As time went on, the Depression deepened, & circumstances were bleak for us. Mother's bank account was wiped out, & we were left with few resources. She was now trying to run a small grocery store & gas-&-oil station, as well as some tourist cabins, for which she had to do all the laundry by hand. Auntie was so shocked to find out about this that she had things sent to us -- a washing machine, a mangle, & other practical items that were sorely needed. Then, under Mother's orders not to send anything more, except occasional gifts for me, she started sending me books & clothing. There were many letters, keeping us close to her even when she was far away.

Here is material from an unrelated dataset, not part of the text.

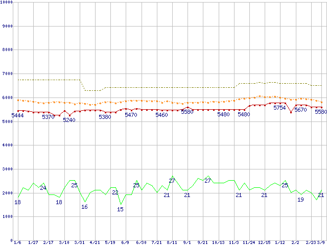 | HDS728080PLAT20 (80GB,2MB)の価格推移 | | | (2005年1月6日~2006年3月9日) |

Mother married again, & two little brothers came along. Auntie sent things to them, too, for a while -- then she became too ill to do anything but fight for her life. Books continued coming, as she'd subscribed to a Junior book club for me -- but we were aware that she was not going to get well. Even after her death in 1941, she was still very much a part of our lives. I kept the books she sent to me, as well as copies of some of the ones she had written. And I had lovely dresses that were altered for me to wear after she no longer needed them.

We lost track of Emma-Lindsay's husband, John Bransby, for many years. I was fortunate to locate him again, in 1980, through a strange coincidence -- I have no doubt that Emma-Lindsay's magic wand had been waved again. The discoveries that were to follow added a new dimension to my life. John told me a great deal about their years & travels together, as well as sending me his collection of her magazine stories -- he didn't have them all, but there were more than I'd ever dreamed existed -- & also gave me many photographs of her. He sent an oil portrait of her that had been painted by a well-known California artist. He added a large stack of saved letters that he had written to relatives while he & Emma-Lindsay were traveling, & some that she had written too. All of these gifts gave me a chance to get acquainted with her in a new way: the Auntie who had been a rather amorphous, shining cloud of memory & impression suddenly became a living, breathing, fun-loving person.

She wasn't a saint -- in fact, she was very human, had outbursts of temper, & didn't always make good choices. It's comforting to know that, as it makes her much more real. My early dreams of having a life "just like hers" weren't realized -- in fact, my history has been very different indeed. But she's still a vibrant part of my life, and I am enriched & blessed, & still under her spell.